Guide 5010 GD.01
Selecting Good Passwords
Revision Date: 6/31/2013
The object when choosing a password is to make it as difficult as possible for someone (or some computer program) to guess what you’ve chosen, yet easy enough for you to remember without writing it down.
Company User ID
Approved Users have been assigned a unique network identification (User ID) as, essentially, an electronic short hand for your name. Your User ID and password act as your passport to the company’s network and accounts. Like your name, your User ID is not secret, but your User ID password is SECRET, It is very important that your User ID password be protected. Your User ID and Password provide access to sensitive information (personal and company) and are used as authentication credentials for network access. The first User ID task you perform is also one of the most important — choosing a good password.
Requirements for your User ID password:
• Password must have 8-14 characters
• Must contain 2 letters
• Must contain 2 non letters (either numbers or legal characters)
• Illegal characters (must not contain these) \ & : < > , ‘ (back slash, ampersand, colon, less than, greater than, comma and apostrophe)
Best Practice for all passwords
• Use a password that is easy to remember, so you do not have to write it down.
• Use a password with mixed-case alphabetic characters.
• Use a password that has at least eight characters.
• Use at least one punctuation symbol.
• Use a password that you can type quickly, without having to look at the keyboard. This makes it harder for someone to steal your password by watching over your shoulder.
• Use your User ID and associated password only with company User ID authenticated systems.
• Choose different IDs and, especially, different passwords with any other systems (i.e. personal use).
What NOT to Use
- Do not use your login name in any form (as-is, reversed, capitalized, doubled, etc.).
- Do not use proper names (especially not your own nor that of your significant other, mother or child). This includes all first and last names as well as geographical locations.

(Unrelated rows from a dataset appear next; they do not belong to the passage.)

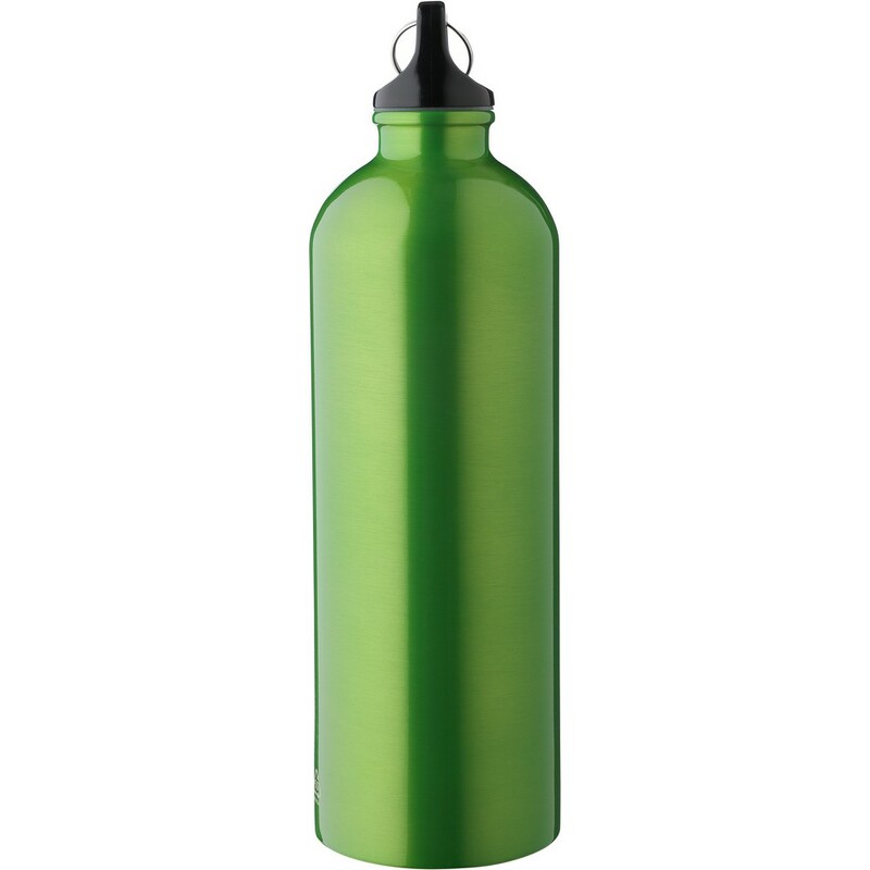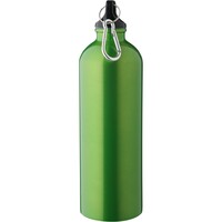 Butelka sportowa 750ml, jednowarstwowa, ikona recyklingu na produkcie, nie nadaje się do mycia w zmywarce, produkt wykonany ze stali nierdzewnej z recyklingu, nakrętka z PP, srebrny aluminiowy karabińczyk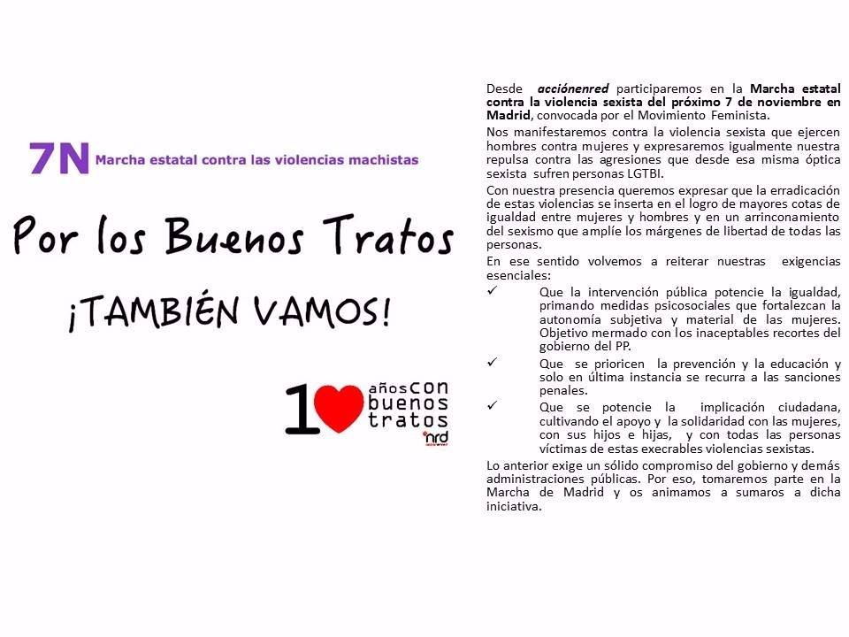 Desde acciónenred participaremos en la Marcha estatal contra la violencia sexista del próximo 7 de Noviembre en Madrid, convocada por el Movimiento Feminista.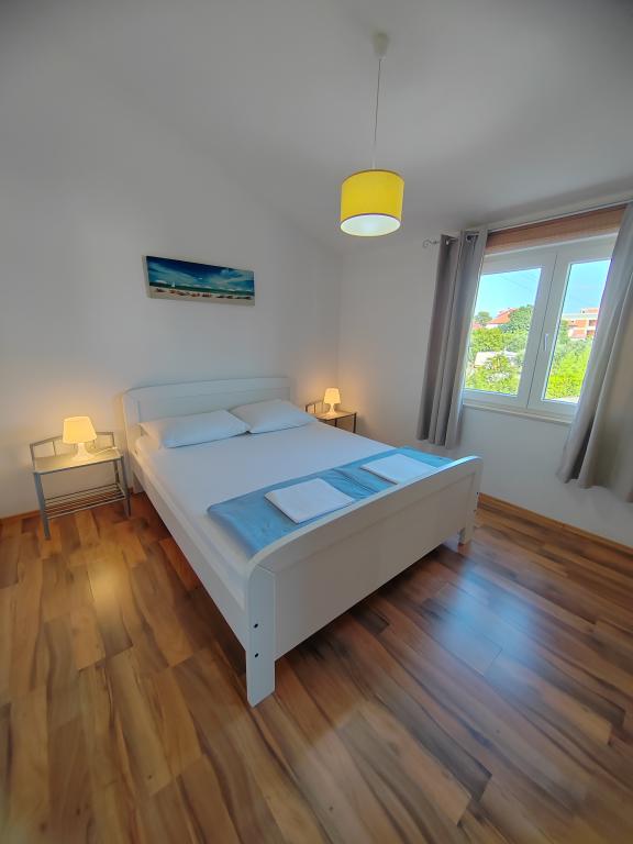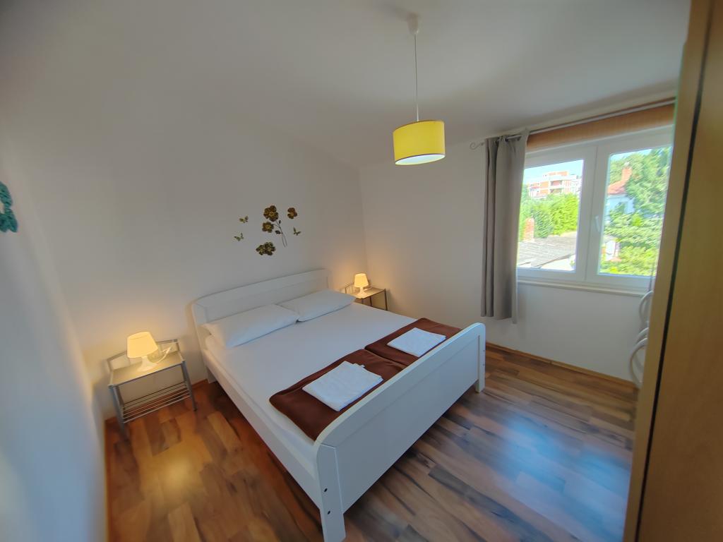 Near the center and the beach (150 m). Two apartments are located in a family house (on the first floor) which is 150 m from the beach and the center of the town. Each apartment has two bedrooms, a bathroom, a washing machine, air conditioning, a kitchen with a dining area and a sofa that is an extra bed, a large terrace (20m2). Everything is included in the price. There is a grill in the garden. Parking is located in front of the house in the shade. The size of the apartment is 70 m2.

- Do not use your initials or those of anyone close to you.
- Do not use other information easily obtained about you. This includes your phone, social security, your birth date, the brand of your automobile, the name of the street you live on, etc.
- Do not use a word contained in (English or foreign language) dictionaries, spelling lists, or other lists of words.
- Do not attempt to be clever and make your password a derivation (reversed, as-is, shifted by a few characters, a simple substitution code, doubled, etc.) of your account name or your first or last name.
- Do not use a password that is so difficult for you to remember that you will forget it if you do not write it down.
- Do not reuse any passwords that you have used previously.
- Use different passwords on different systems
Guidance on keeping your User ID and other passwords safe
- Do not give out your password to anyone including IT staff or your supervisor. Do not share your account with anyone or let anyone else use your account.
- Do not write down your password on paper nor store it on a computing device. (It can be a help to write down your password for a few days when you have just changed it – keep any such copy in your wallet or purse and discard it as soon as you have memorized your new password).
- Do not use your User ID password as a password for another computer system, such as your ATM card PIN number or as your password to a website on the Internet.
- Do not let anyone see you type in your password. Stop typing if you notice someone watching you. Make sure your password is not being displayed on your screen as you type.
- Be wary of any program or web page that asks you for your User ID password. Secure web pages that ask you for your User ID password will have URLs that begin with “https://”. Your browser (e.g., IE, Firefox, Mozilla) should visually indicate (icon of a closed padlock) that you are on a secure page. If you are being prompted for your User ID password from a particular web page that you do not recognize or if the page appears different from the screen you are familiar with, contact ITS to verify the authenticity of the page.
- Do not enter your passwords when using insecure protocols (e.g. programs that transmit user account and password information unencrypted) over unsafe networks.
- If your User ID password has been compromised, contact the HelpDesk. The first security measure the Help Desk will usually recommend will be to change your password, but ITS Department will also want to determine how the account and password was compromised, the impact of the exposure and whether to investigate further.